Supplied records:
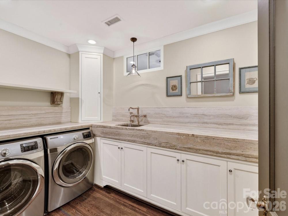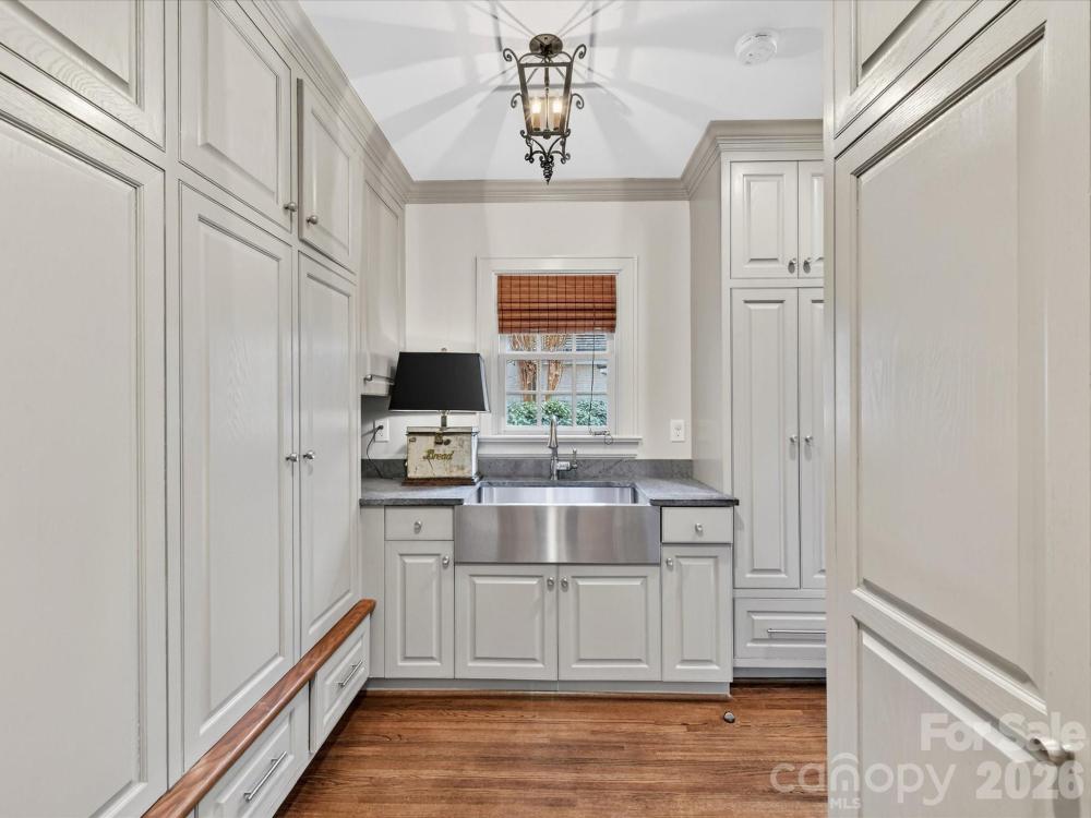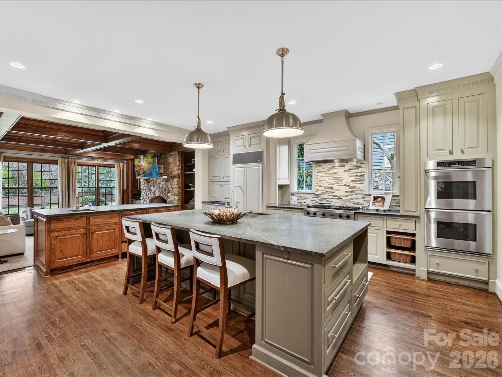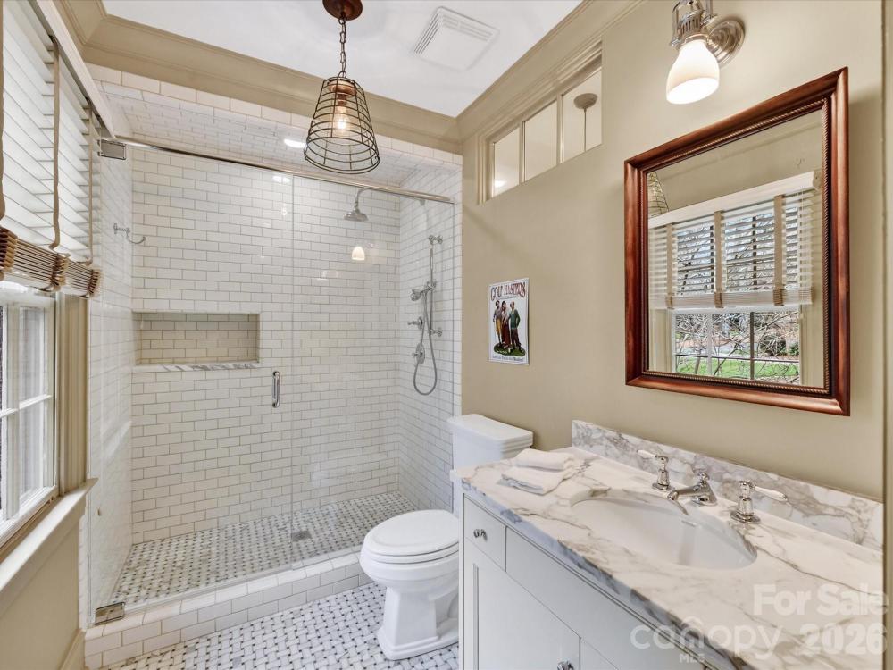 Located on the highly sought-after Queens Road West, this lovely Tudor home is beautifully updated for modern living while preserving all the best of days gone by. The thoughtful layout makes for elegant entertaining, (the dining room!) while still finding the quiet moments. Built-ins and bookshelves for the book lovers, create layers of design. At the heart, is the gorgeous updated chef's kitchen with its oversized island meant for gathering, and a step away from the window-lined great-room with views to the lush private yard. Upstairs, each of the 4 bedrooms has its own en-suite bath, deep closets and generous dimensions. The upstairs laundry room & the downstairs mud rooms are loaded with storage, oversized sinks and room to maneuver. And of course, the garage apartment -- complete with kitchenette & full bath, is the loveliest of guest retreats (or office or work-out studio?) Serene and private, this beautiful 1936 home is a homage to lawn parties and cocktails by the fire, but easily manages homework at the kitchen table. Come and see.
...
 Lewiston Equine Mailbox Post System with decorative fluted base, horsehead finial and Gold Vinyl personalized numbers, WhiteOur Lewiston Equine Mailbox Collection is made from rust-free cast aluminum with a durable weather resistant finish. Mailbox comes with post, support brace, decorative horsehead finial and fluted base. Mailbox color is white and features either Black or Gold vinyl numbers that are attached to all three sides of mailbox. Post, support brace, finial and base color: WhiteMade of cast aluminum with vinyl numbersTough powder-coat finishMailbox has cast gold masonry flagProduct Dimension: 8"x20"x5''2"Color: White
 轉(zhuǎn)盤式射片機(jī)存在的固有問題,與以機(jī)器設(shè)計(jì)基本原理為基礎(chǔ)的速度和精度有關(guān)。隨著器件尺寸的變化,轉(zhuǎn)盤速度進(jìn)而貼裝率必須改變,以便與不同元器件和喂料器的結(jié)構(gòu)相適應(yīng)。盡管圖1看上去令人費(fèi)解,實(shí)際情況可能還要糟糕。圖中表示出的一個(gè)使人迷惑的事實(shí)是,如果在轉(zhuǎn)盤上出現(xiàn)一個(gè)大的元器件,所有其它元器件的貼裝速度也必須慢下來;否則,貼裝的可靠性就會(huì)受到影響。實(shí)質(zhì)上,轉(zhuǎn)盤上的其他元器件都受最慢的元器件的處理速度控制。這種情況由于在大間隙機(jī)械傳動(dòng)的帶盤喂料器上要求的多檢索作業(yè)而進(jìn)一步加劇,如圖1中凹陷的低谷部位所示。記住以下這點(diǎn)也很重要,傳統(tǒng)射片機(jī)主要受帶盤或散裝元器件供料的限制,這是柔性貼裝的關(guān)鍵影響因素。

Activity:
Using the entries above, repeat only the lines from the one containing "Lewiston Equine Mailbox Post" through the one containing "轉(zhuǎn)盤式射片機(jī)存在的", end lines included.

Solution for this problem:
 Lewiston Equine Mailbox Post System with decorative fluted base, horsehead finial and Gold Vinyl personalized numbers, WhiteOur Lewiston Equine Mailbox Collection is made from rust-free cast aluminum with a durable weather resistant finish. Mailbox comes with post, support brace, decorative horsehead finial and fluted base. Mailbox color is white and features either Black or Gold vinyl numbers that are attached to all three sides of mailbox. Post, support brace, finial and base color: WhiteMade of cast aluminum with vinyl numbersTough powder-coat finishMailbox has cast gold masonry flagProduct Dimension: 8"x20"x5''2"Color: White
 轉(zhuǎn)盤式射片機(jī)存在的固有問題,與以機(jī)器設(shè)計(jì)基本原理為基礎(chǔ)的速度和精度有關(guān)。隨著器件尺寸的變化,轉(zhuǎn)盤速度進(jìn)而貼裝率必須改變,以便與不同元器件和喂料器的結(jié)構(gòu)相適應(yīng)。盡管圖1看上去令人費(fèi)解,實(shí)際情況可能還要糟糕。圖中表示出的一個(gè)使人迷惑的事實(shí)是,如果在轉(zhuǎn)盤上出現(xiàn)一個(gè)大的元器件,所有其它元器件的貼裝速度也必須慢下來;否則,貼裝的可靠性就會(huì)受到影響。實(shí)質(zhì)上,轉(zhuǎn)盤上的其他元器件都受最慢的元器件的處理速度控制。這種情況由于在大間隙機(jī)械傳動(dòng)的帶盤喂料器上要求的多檢索作業(yè)而進(jìn)一步加劇,如圖1中凹陷的低谷部位所示。記住以下這點(diǎn)也很重要,傳統(tǒng)射片機(jī)主要受帶盤或散裝元器件供料的限制,這是柔性貼裝的關(guān)鍵影響因素。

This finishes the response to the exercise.